Map overlay


This document shows some example R code to do “overlays” and associated spatial data manipulation to accompany Chapter 11 in O’Sullivan and Unwin (2010). You have already seen many of this type of data manipulation in previous labs. And we have done perhaps more advanced things using regression type models (including LDA and RandomForest). This chapter is very much a review of what you have already seen: basic spatial data operations with R.

Get the data

You can get the data for this tutorial with the “rspat” package that you can install with the line below.

if (!require("rspat")) remotes::install_github('rspatial/rspat')
## Loading required package: rspat
## Loading required package: terra
## terra 1.7.62

Selection by attribute

By now, you are well aware that in R, polygons and their attributes can be represented by a SpatVector. Here we use a SpatVector of California counties.

counties <- spat_data('counties')

Selecting rows (geometries and their attributes) of a SpatVector is similar to selecting rows from a data.frame. For example, to select Yolo county by its name:

yolo <- counties[counties$NAME == 'Yolo', ]
plot(counties, col='light gray', border='gray')
plot(yolo, add=TRUE, density=20, lwd=2, col='red')

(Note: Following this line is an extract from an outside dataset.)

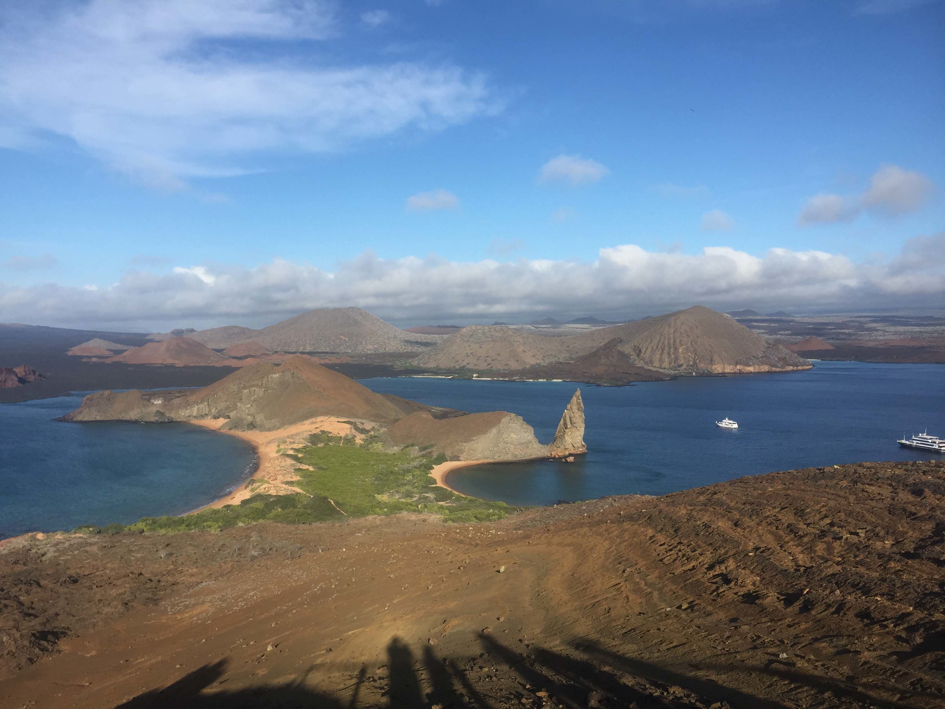 With the first beams of sun and soft winds, we headed to Bartolome with on a mission to reach the summit of the island, and enjoy one of the most spectacular views in the Galapagos. Compared to the main islands, Bartolome is quite small, but its geological formations are striking. At times, the landscape gives the impression of being on another planet such as mars, or the moon. The terrain’s appearance tells the story of how these oceanic islands were created. After breakfast, we continued our morning expedition with some snorkeling along the shallows, having a chance to observe whitetip reef sharks, stingrays, a great number of colorful fish such as burito grunts, dusky chubs and a huge school of black-striped salemas.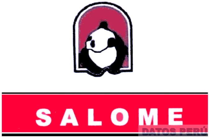 El logotipo conformado por la denominación SALOME escrita en letras características y la representación de un oso panda dentro de una ventana, todo en la combinación de colores blanco, negro y rojo; conforme al modelo adjunto

You can interactively select counties this way by clicking on the map of the counties:


s <- sel(counties)

Intersection and buffer

I want to get the railroads in the city of Davis by sub-setting the railroads in Yolo county. First read the data, and do an important sanity check: are the coordinate reference systems (crs) for the two datasets the same?

rail <- spat_data("yolo-rail")
##  class       : SpatVector
##  geometry    : lines
##  dimensions  : 4, 1  (geometries, attributes)
##  extent      : -122.0208, -121.5089, 38.31305, 38.9255  (xmin, xmax, ymin, ymax)
##  coord. ref. : +proj=longlat +datum=WGS84 +no_defs
##  names       :               FULLNAME
##  type        :                  <chr>
##  values      :           Abandoned RR
##                California Northern RR
##                      Union Pacific RR
## [1] "SpatVector"
## attr(,"package")
## [1] "terra"
city <- spat_data("city")
crs(yolo, TRUE)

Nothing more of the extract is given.